■ **Task requirements**
After locating the line with "到达书画社后,活动负责老师带" in the entries below, output it and each following line up to and including the line with "Hoàn toàn có", exactly and without pictures.

Source material Start Marker

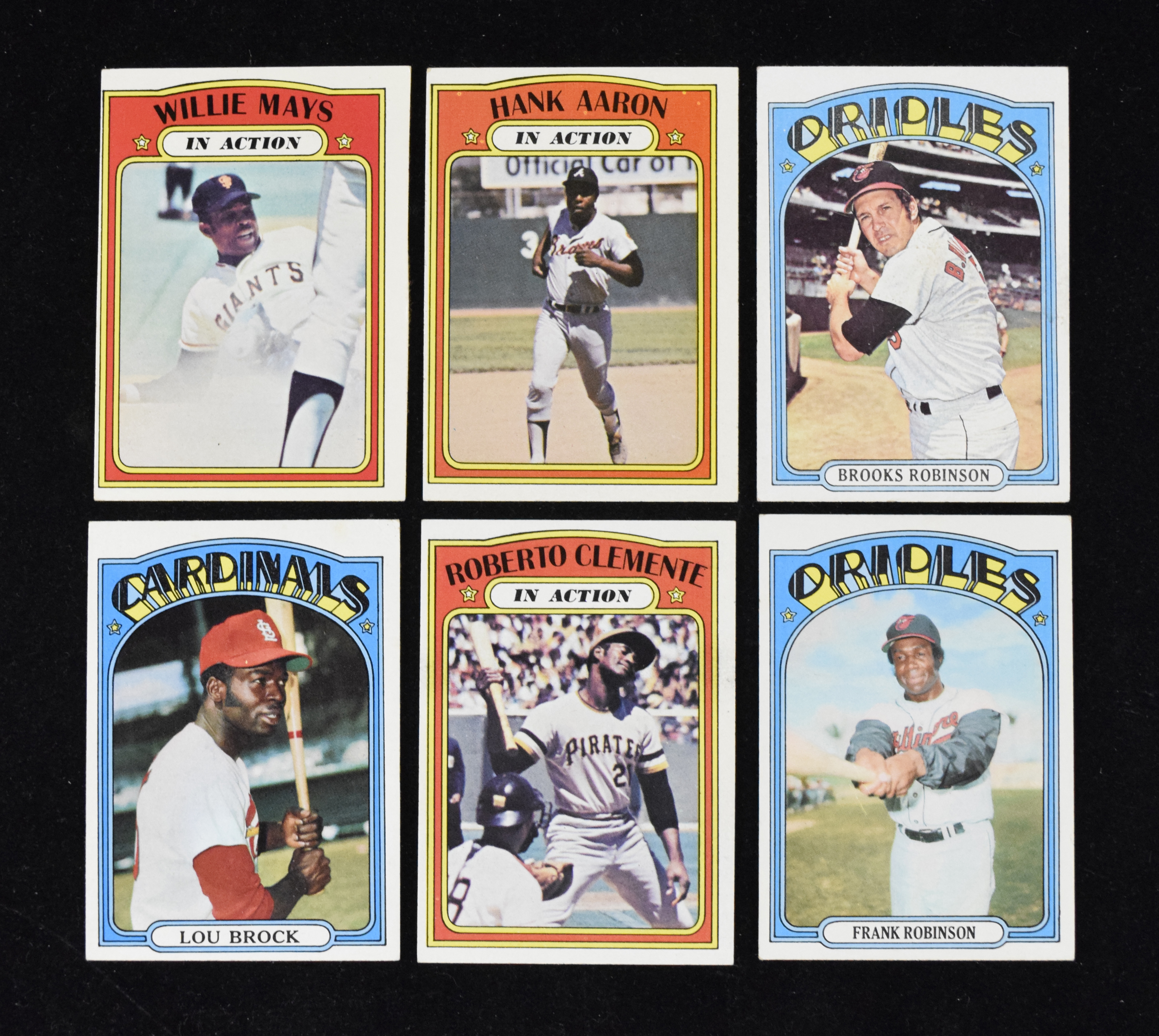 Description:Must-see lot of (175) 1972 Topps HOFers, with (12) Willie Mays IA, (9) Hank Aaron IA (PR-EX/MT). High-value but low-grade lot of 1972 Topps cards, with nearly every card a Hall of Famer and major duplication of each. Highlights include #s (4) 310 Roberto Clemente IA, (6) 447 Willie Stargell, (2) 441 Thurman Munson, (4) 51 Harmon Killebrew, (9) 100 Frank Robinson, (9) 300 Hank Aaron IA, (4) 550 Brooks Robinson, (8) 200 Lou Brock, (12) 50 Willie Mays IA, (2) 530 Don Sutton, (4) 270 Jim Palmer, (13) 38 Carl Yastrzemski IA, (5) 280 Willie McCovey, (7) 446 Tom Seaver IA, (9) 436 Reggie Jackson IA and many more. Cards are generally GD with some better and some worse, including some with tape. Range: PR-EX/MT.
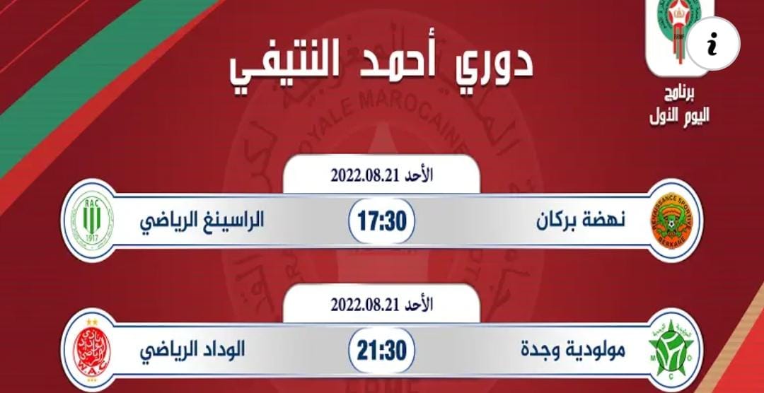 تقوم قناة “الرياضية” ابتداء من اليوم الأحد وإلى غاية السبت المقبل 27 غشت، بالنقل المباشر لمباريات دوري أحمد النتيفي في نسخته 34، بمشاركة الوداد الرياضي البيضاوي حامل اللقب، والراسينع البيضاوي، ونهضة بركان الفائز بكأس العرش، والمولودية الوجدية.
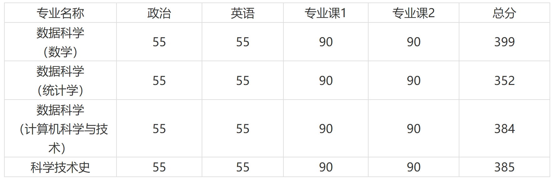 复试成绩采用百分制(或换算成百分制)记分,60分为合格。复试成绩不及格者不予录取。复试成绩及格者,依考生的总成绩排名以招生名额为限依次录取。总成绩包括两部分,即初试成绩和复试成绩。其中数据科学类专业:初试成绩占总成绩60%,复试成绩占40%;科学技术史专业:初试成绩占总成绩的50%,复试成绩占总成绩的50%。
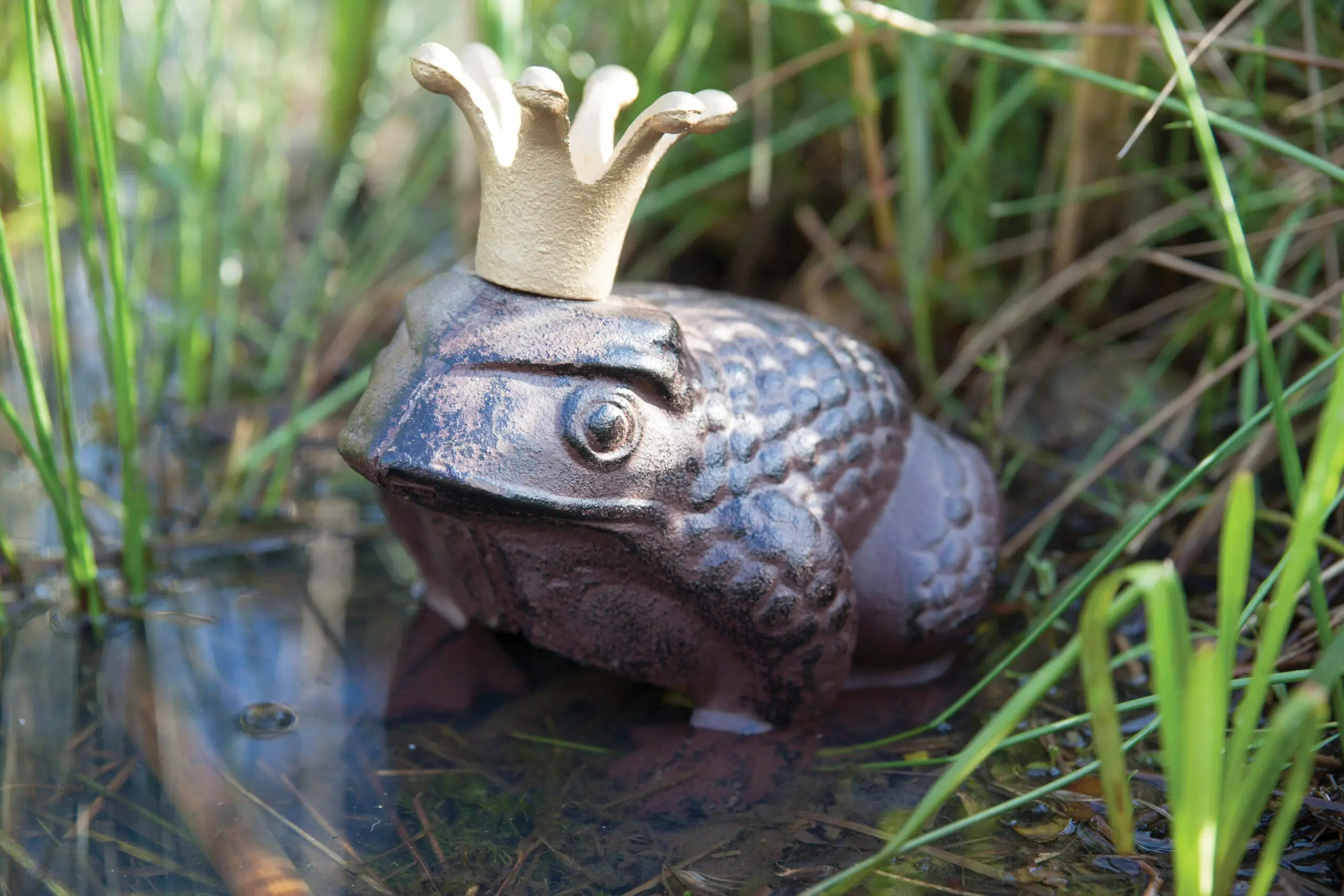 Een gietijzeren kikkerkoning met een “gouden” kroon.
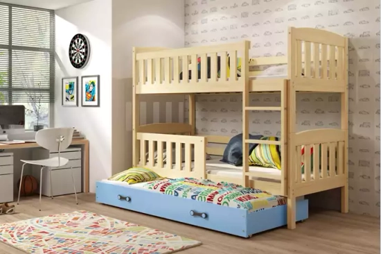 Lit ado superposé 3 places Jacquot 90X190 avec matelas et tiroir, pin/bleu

Source material End Marker
Source material Start Marker

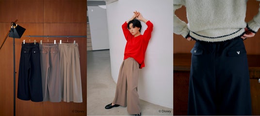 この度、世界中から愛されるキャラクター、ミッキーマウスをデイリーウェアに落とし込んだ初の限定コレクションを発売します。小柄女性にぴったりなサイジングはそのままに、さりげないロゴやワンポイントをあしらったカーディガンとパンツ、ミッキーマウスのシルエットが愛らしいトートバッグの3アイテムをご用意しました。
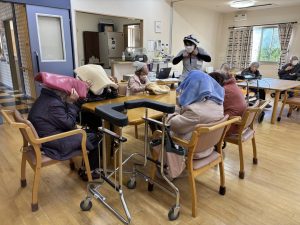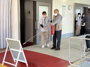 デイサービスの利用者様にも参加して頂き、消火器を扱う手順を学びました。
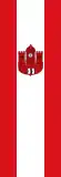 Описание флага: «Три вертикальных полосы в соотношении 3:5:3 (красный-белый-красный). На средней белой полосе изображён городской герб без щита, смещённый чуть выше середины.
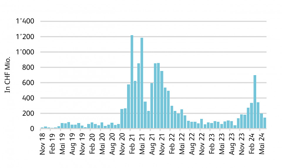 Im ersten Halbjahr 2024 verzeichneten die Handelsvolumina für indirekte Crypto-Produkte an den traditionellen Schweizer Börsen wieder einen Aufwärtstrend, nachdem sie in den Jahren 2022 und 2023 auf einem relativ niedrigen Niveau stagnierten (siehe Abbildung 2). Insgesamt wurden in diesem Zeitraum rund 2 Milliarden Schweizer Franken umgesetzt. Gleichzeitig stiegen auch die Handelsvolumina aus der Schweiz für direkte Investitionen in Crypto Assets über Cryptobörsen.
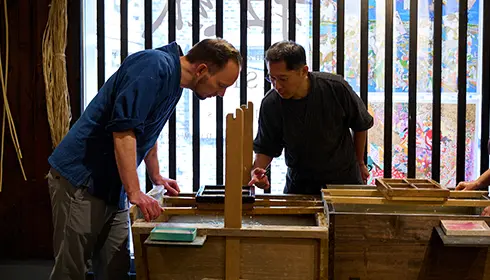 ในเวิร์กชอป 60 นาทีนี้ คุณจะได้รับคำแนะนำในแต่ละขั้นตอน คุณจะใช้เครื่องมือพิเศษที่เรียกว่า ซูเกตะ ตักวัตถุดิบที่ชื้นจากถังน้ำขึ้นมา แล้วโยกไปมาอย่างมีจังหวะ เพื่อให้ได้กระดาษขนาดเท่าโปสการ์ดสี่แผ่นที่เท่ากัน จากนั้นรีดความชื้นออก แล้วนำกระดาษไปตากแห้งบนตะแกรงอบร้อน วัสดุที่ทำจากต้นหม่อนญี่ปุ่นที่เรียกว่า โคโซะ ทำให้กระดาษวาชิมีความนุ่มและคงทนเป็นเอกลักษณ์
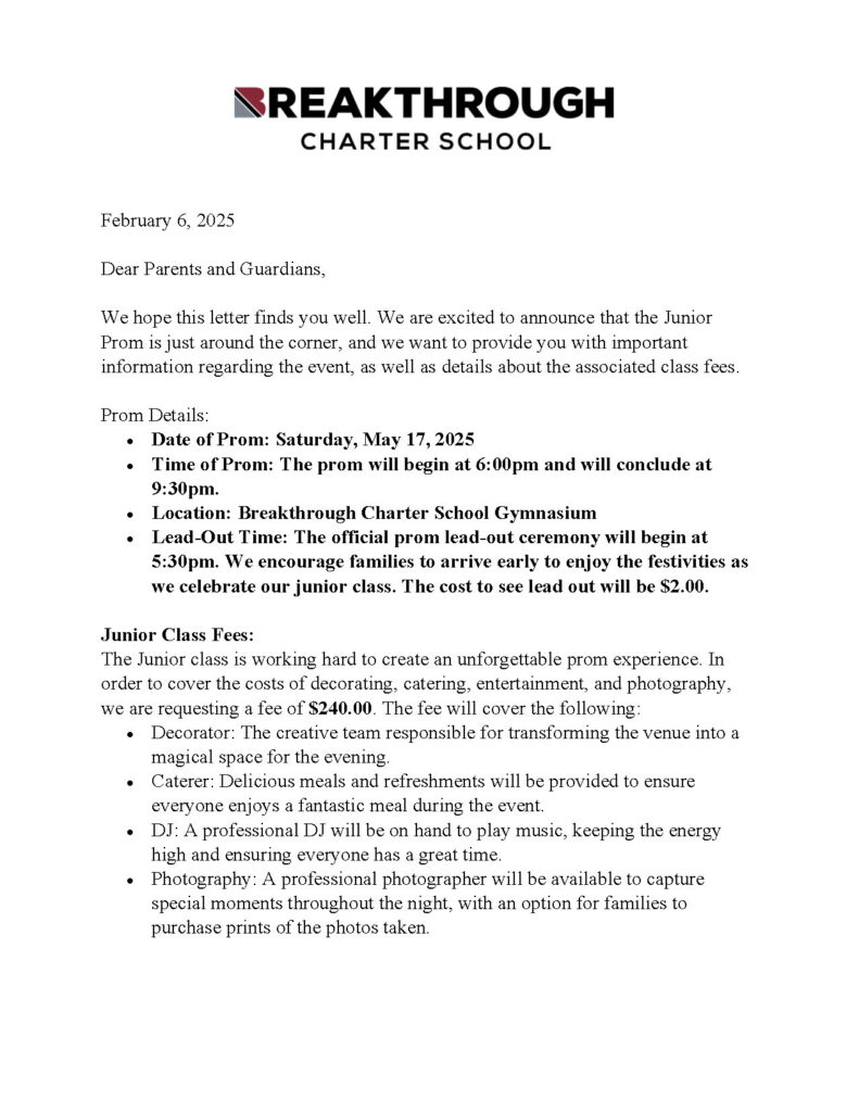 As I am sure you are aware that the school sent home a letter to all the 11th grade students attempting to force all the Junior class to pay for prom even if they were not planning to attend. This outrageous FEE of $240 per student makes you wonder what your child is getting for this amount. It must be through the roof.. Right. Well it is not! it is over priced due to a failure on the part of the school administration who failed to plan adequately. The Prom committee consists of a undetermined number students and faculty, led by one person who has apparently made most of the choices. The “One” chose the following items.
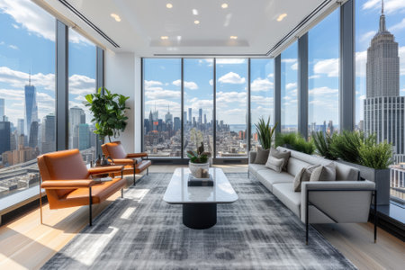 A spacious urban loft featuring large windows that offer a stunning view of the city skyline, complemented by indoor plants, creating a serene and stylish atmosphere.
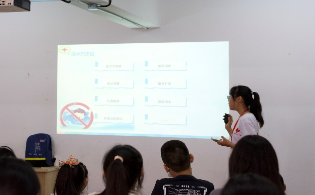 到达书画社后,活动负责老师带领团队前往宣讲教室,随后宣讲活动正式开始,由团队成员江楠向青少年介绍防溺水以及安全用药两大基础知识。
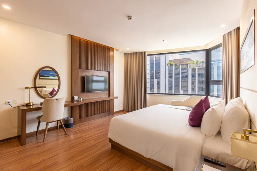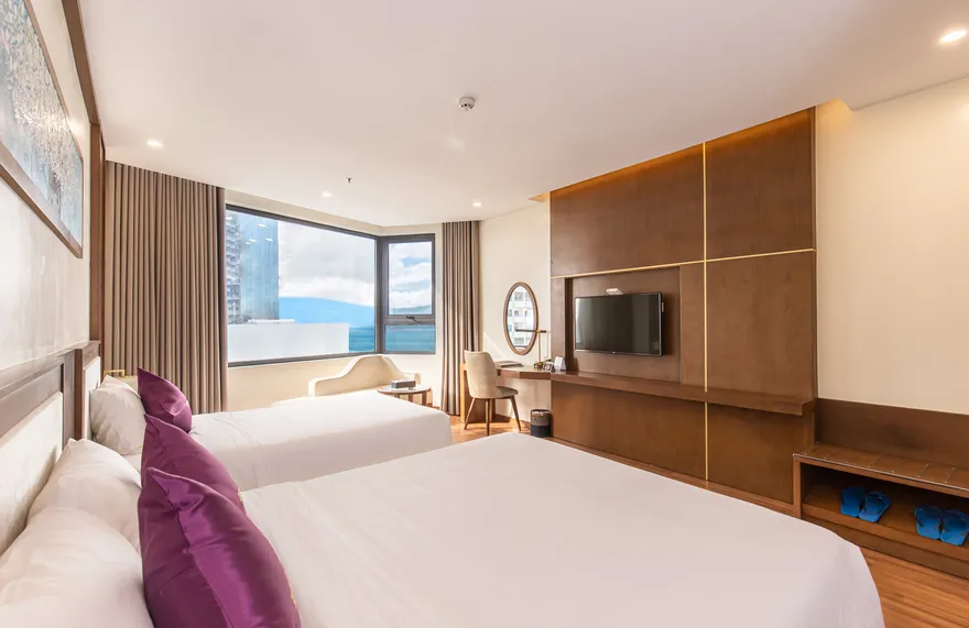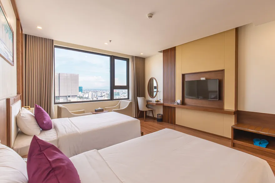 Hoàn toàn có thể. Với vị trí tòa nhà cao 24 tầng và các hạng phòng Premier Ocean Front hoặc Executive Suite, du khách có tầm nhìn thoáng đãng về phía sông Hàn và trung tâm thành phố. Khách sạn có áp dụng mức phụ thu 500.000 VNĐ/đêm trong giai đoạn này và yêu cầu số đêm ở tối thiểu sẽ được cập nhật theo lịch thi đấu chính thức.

Source material End Marker

■ **Finished task**
 到达书画社后,活动负责老师带领团队前往宣讲教室,随后宣讲活动正式开始,由团队成员江楠向青少年介绍防溺水以及安全用药两大基础知识。
 Hoàn toàn có thể. Với vị trí tòa nhà cao 24 tầng và các hạng phòng Premier Ocean Front hoặc Executive Suite, du khách có tầm nhìn thoáng đãng về phía sông Hàn và trung tâm thành phố. Khách sạn có áp dụng mức phụ thu 500.000 VNĐ/đêm trong giai đoạn này và yêu cầu số đêm ở tối thiểu sẽ được cập nhật theo lịch thi đấu chính thức.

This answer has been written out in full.